Class project turned app aims to revolutionize crop scouting

Historically, if farmers wanted to check their crops for insects or disease, it was a tedious, inaccurate process. They would carry a couple of guidebooks, hundreds of pages each, to try and identify what they saw, recording observations with handwritten notes and sketches of the field.

After completing a crop scouting internship in rural Iowa, Michael Koenig (left) decided to change that.

“Crop scouting is kind of cumbersome, and just not fun,” Koenig said, “we wanted to make the process a little easier to manage.”

ScoutPro, the website and app Koenig and his team created, is being beta tested this season in seven Midwestern states, including Iowa and Nebraska.

The senior in agriculture education at Iowa State University first pitched the idea as part of an agricultural entrepreneurship class in the fall of 2010. When he won the in-class competition, he was encouraged to keep going.
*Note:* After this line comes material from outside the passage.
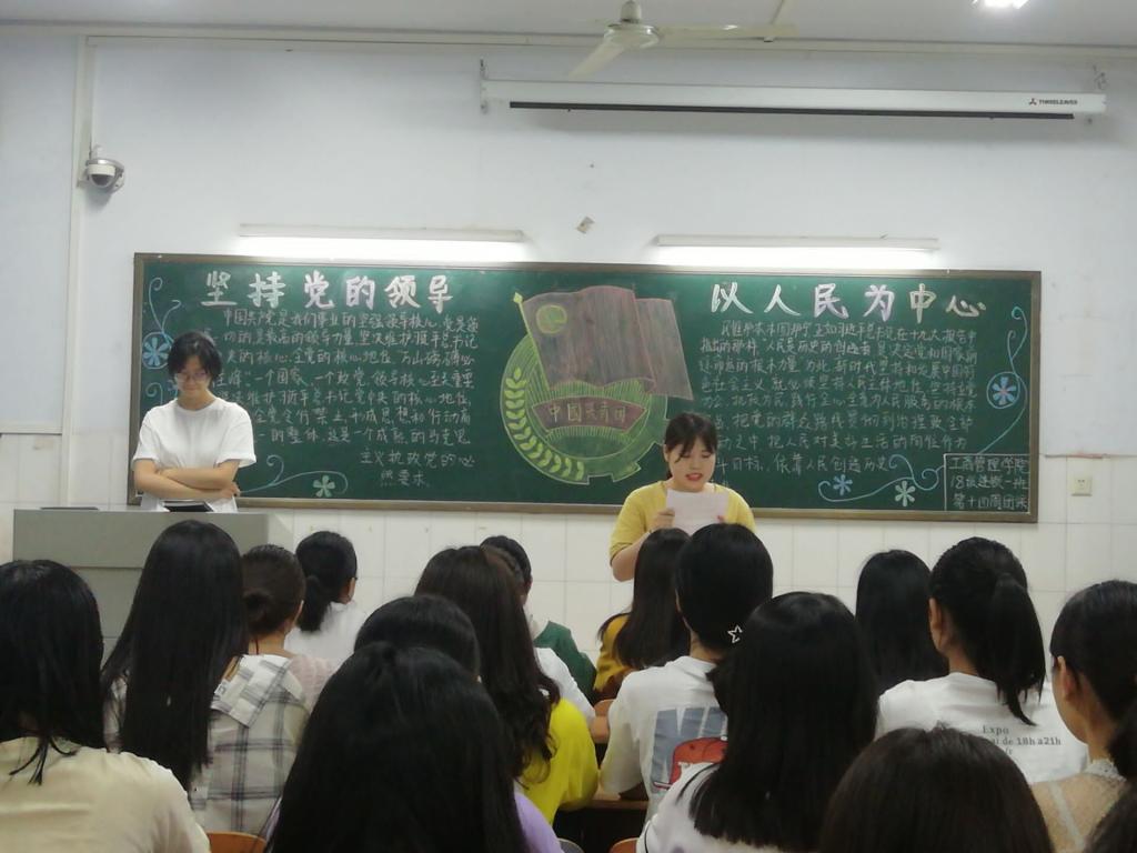 团课上,各班团支书带领同学们共同学习了《习近平新时代中国特色社会主义思想三十讲》系列团课中的主体论知识,同学们通过学习了解了坚持党的领导与坚持以人民为中心的一致性。各班级通过演讲、观看视频等丰富多样的形式学习了习近平总书记一系列重要讲话精神。同学们深切体会到无论是在残酷的战争岁月,还是在和平的建设时期,亦或是在改革开放的年代,中国共产党人正是坚守着以人民为中心的宗旨,才获得了源源不断的力量源泉,才赢得了人民群众的衷心拥护和支持。大家纷纷表示作为党的后备军更应该顽强拼搏,积极为实现中华民族伟大复兴的“中国梦”贡献自己的力量!

“Ideas are many, but those who can execute the idea are few,” said Kevin Kimle, director of the agriculture entrepreneurship institute at Iowa State and Koenig’s former professor, praising the students’ determination. “They are on the front edge of innovation on the whole agriculture-GPS sphere.”

Two of Koenig’s competitors in the entrepreneurship class, Holden Nyhus and Stuart McCulloh, would later join his team as vice president of research and development and vice president of sales, respectively, along with a chief creative officer and chief technology officer. Koenig said his team has been putting full-time hours into the project, but working around class schedules and other committments.